[alsa-devel] How to pair Wine with ALSA? part2: buffer&period size / blocking / mmap (long)

Mon Aug 15 17:57:36 CEST 2011

Hi,

[I've reordered some paragraphs]

Clemens Ladisch wrote:
>AFAIK the WinMM API allows to vary the number and size of submitted
>buffers arbitrarily even while the stream is running.
The API is simply like pcm_write: "here are N frames at address X".
The app allocates and owns the buffer memory at address X.

>This was designed for hardware that is reprogrammed after each buffer
>anyway (ISA DMA) or that allows dynamic buffers (e.g. ICH AC'97, which
>was designed for WinMM).
You mean that HW can be told: "play N1 frames at address X1, to be
followed without glitch with N2 frames at address X2"?  And
afterwards, "after you'll be done with X2, play N3 at address X3"?

This is very interesting.  All I knew about were circular buffers.
Hence in my mind, every API where the app supplies the data pointer
would require copying from the app buffers into the circular HW one.

>Can't you hand out a pointer to ALSA's buffer?
I am not aware of any way outside snd_pcm_mmap_begin to obtain a
pointer from ALSA.  Perhaps that's the base of my misunderstandings?

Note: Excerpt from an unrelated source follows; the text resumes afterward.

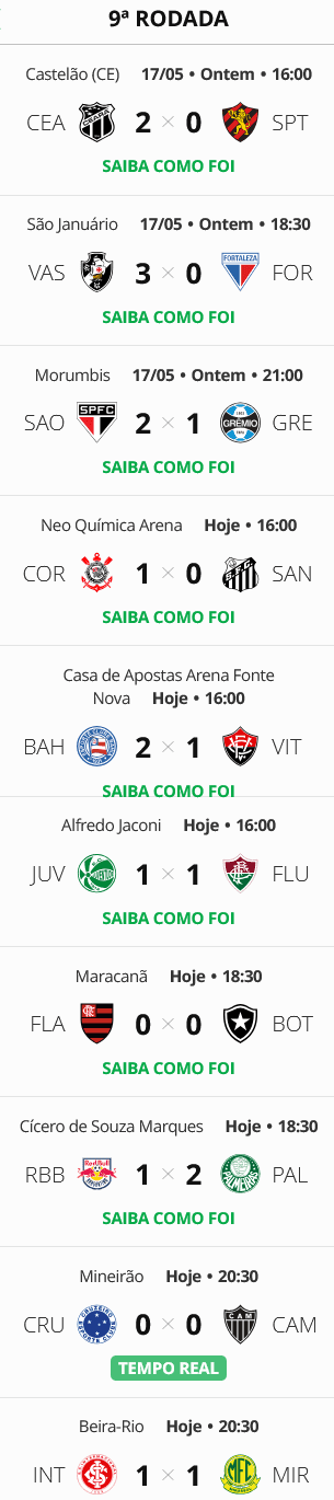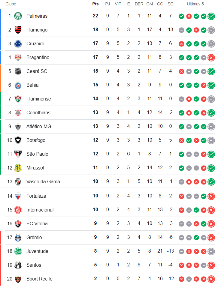 Após a 9ª rodada do Campeonato Brasileiro, o Vasco venceu o Fortaleza por 3 a 0 e avançou da 17ª para a 13ª posição, saindo da zona de rebaixamento.

>What exactly gets optimized with mmap?  Please note that snd_pcm_write*
>copies the data from the supplied buffer into ALSA's buffer; if your
>code does the same, it is not the slightest bit faster.
I'm not sure I understand what you mean.

The mmdevapi is unlike WinMM: GetBuffer yields a buffer pointer from
the OS and has some timing restrictions (unclear to me, MSDN talks
about "buffer-processing periods").  Not unlike snd_pcm_mmap_begin.
This pointer could be the audio HW's write_ptr.

Hence in theory, as the app asks mmdevapi for a buffer and fills it,
it can be played by the OS/HW (following ReleaseBuffer, sort of
snd_pcm_mmap_commit) without additional copying.  Thus, mmdevapi is
not in the way of such optimizations with either HW ring-buffer or
the dynamic buffers you mention, whereas WinMM cannot avoid copying
with ring-buffers.

What's expected to happen in Wine without mmap is:
1. app copies/writes data into Wine-managed GetBuffer pool
1.b because of ring-buffer management, there's even a little
    more copying in case of wrap-around.
2. ALSA pcm_write* copies from Wine's pool into HW buffer.

The optimization is:
0. app gets pointer from Wine's GetBuffer, which
   in turn gets it from ALSA's snd_pcm_mmap_begin.
1. app copies/writes data into ALSA's HW buffer.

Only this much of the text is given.